Records from a data collection:
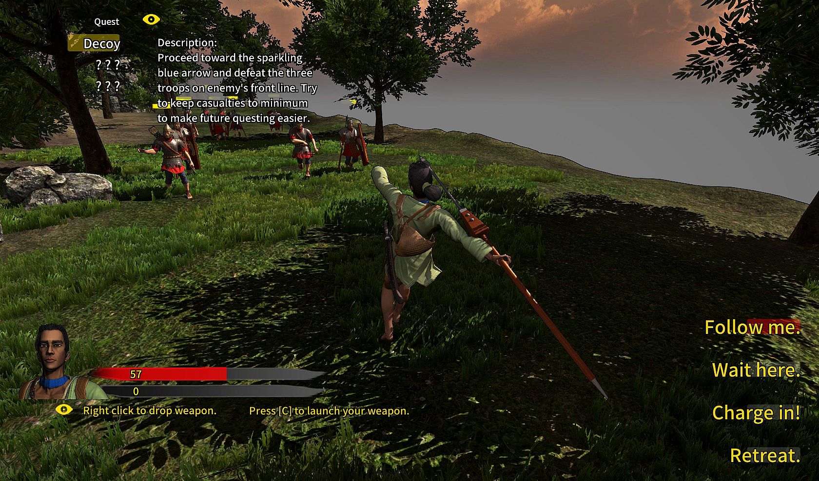 - The warrior can captivate the enemy and use weapons dropped by others.
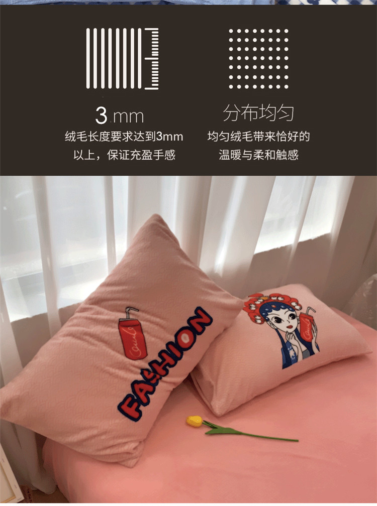 • 91家纺网 家纺一手货源 找家纺 三朵2020新款大版牛奶绒枕套/对 心心相应
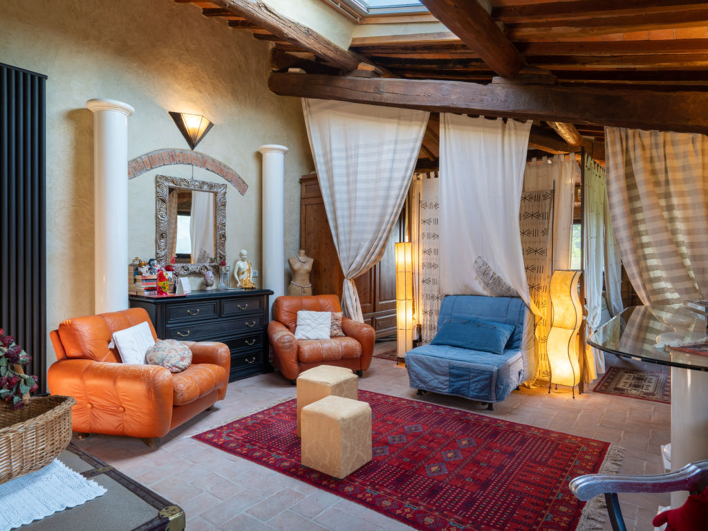 Landsitz "Le Buche", umgeben von Feldern. 5 km vom Zentrum von Pelago, 7 km vom Zentrum von Pontassieve, 30 km vom Zentrum von Firenze. Zur Mitbenutzung: Grundstück 10'000 m2 (eingezäunt), gepflegter Garten mit Rasen und Bäumen. Zur Alleinbenutzung: Aufstellpool (9 x 4 m, 01.05.-30.09.). Rutschbahn, Aussendusche, Poolpflege durch den Besitzer/Gärtner. Koch möglich (extra). Halbpension auf Anfrage (extra). 1.8 km lange holprige Zufahrt (Naturweg). Parkplatz auf dem Grundstück. Supermarkt 2 km, Bahnstation "Pontassieve" 7 km. Reitstall 8.5 km. Bitte beachten: Der Besitzer wohnt im selben Haus. Eigentümer hat einen Hund.
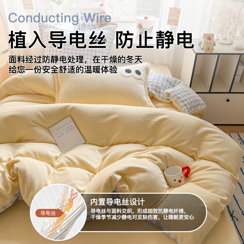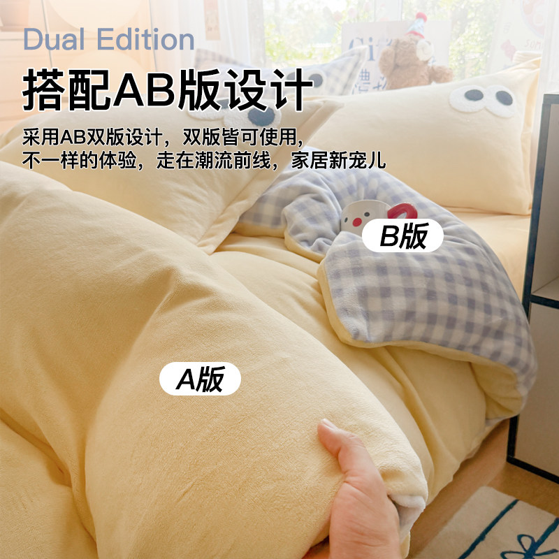 秋冬季加厚四件套牛奶绒被套床单双面加绒被罩床笠学生宿舍三件套
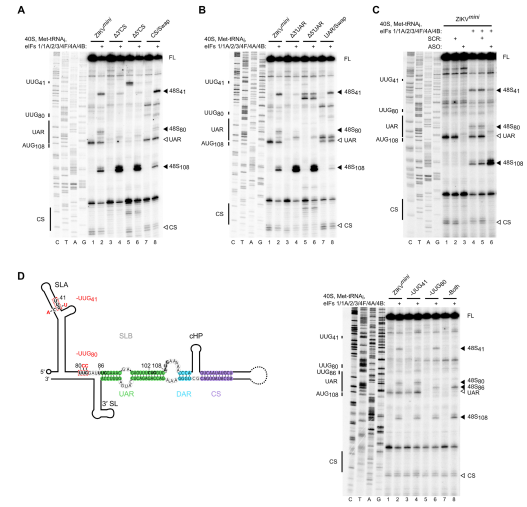 作者接下来在加帽的ZIKVmini RNA上进行体外重建。与WT ZIKVfl RNA相反,在WT ZIKVmini的起始AUG108处检测到少的48S复合物组装。5’或3’CS元件的突变(RNA不能环化),增加了该位点的48S复合物的形成,同时ZIKVmini-CS/Swap(5’CS和3’CS交换,可以环化)中AUG108处也检测到较少的48S复合物组装,表明对翻译起始的影响不是由于突变,而是由于基因组环化。与CS区突变类似,5’或3’UAR序列的突变也刺激了48S复合物的形成,而5’-3’ UAR交换再次逆转了这种影响。
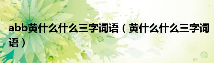 大家好,小晋来为大家解答以下问题,关于abb黄什么什么三字词语,黄什么什么三字词语很多人还不知道,今天让我们一起来看看吧!
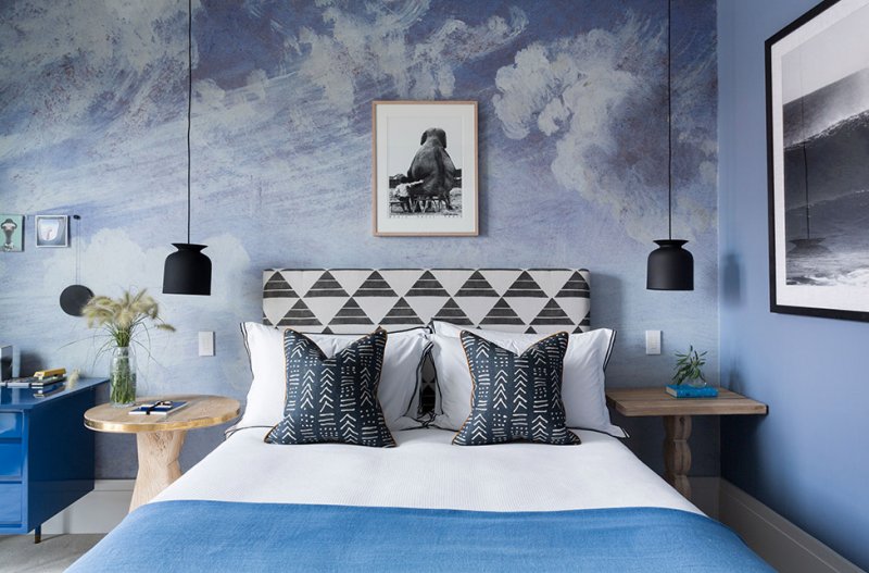 В задней части квартиры находятся три спальни, которые разделены дополнительной гардеробной, за которой находится ванная комната. В комнате для подростка по серо-голубому небу вздымаются перистые облака. Это увеличенная копия фрагмента живописного полотна Джона Констэбля Cloud Study 1822 года.
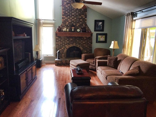 I am struggling with how to arrange this room now that we have painted the walls. I have to keep the brown couch and perhaps the brown leather chair and would like to bring in two bent wood arm recliners in a sand color.

*WORK REQUIRED*:
The records above must be repeated exactly, minus their pictures.

*ANSWER BOX*:
 - The warrior can captivate the enemy and use weapons dropped by others.
 • 91家纺网 家纺一手货源 找家纺 三朵2020新款大版牛奶绒枕套/对 心心相应
 Landsitz "Le Buche", umgeben von Feldern. 5 km vom Zentrum von Pelago, 7 km vom Zentrum von Pontassieve, 30 km vom Zentrum von Firenze. Zur Mitbenutzung: Grundstück 10'000 m2 (eingezäunt), gepflegter Garten mit Rasen und Bäumen. Zur Alleinbenutzung: Aufstellpool (9 x 4 m, 01.05.-30.09.). Rutschbahn, Aussendusche, Poolpflege durch den Besitzer/Gärtner. Koch möglich (extra). Halbpension auf Anfrage (extra). 1.8 km lange holprige Zufahrt (Naturweg). Parkplatz auf dem Grundstück. Supermarkt 2 km, Bahnstation "Pontassieve" 7 km. Reitstall 8.5 km. Bitte beachten: Der Besitzer wohnt im selben Haus. Eigentümer hat einen Hund.
 秋冬季加厚四件套牛奶绒被套床单双面加绒被罩床笠学生宿舍三件套
 作者接下来在加帽的ZIKVmini RNA上进行体外重建。与WT ZIKVfl RNA相反,在WT ZIKVmini的起始AUG108处检测到少的48S复合物组装。5’或3’CS元件的突变(RNA不能环化),增加了该位点的48S复合物的形成,同时ZIKVmini-CS/Swap(5’CS和3’CS交换,可以环化)中AUG108处也检测到较少的48S复合物组装,表明对翻译起始的影响不是由于突变,而是由于基因组环化。与CS区突变类似,5’或3’UAR序列的突变也刺激了48S复合物的形成,而5’-3’ UAR交换再次逆转了这种影响。
 大家好,小晋来为大家解答以下问题,关于abb黄什么什么三字词语,黄什么什么三字词语很多人还不知道,今天让我们一起来看看吧!
 В задней части квартиры находятся три спальни, которые разделены дополнительной гардеробной, за которой находится ванная комната. В комнате для подростка по серо-голубому небу вздымаются перистые облака. Это увеличенная копия фрагмента живописного полотна Джона Констэбля Cloud Study 1822 года.
 I am struggling with how to arrange this room now that we have painted the walls. I have to keep the brown couch and perhaps the brown leather chair and would like to bring in two bent wood arm recliners in a sand color.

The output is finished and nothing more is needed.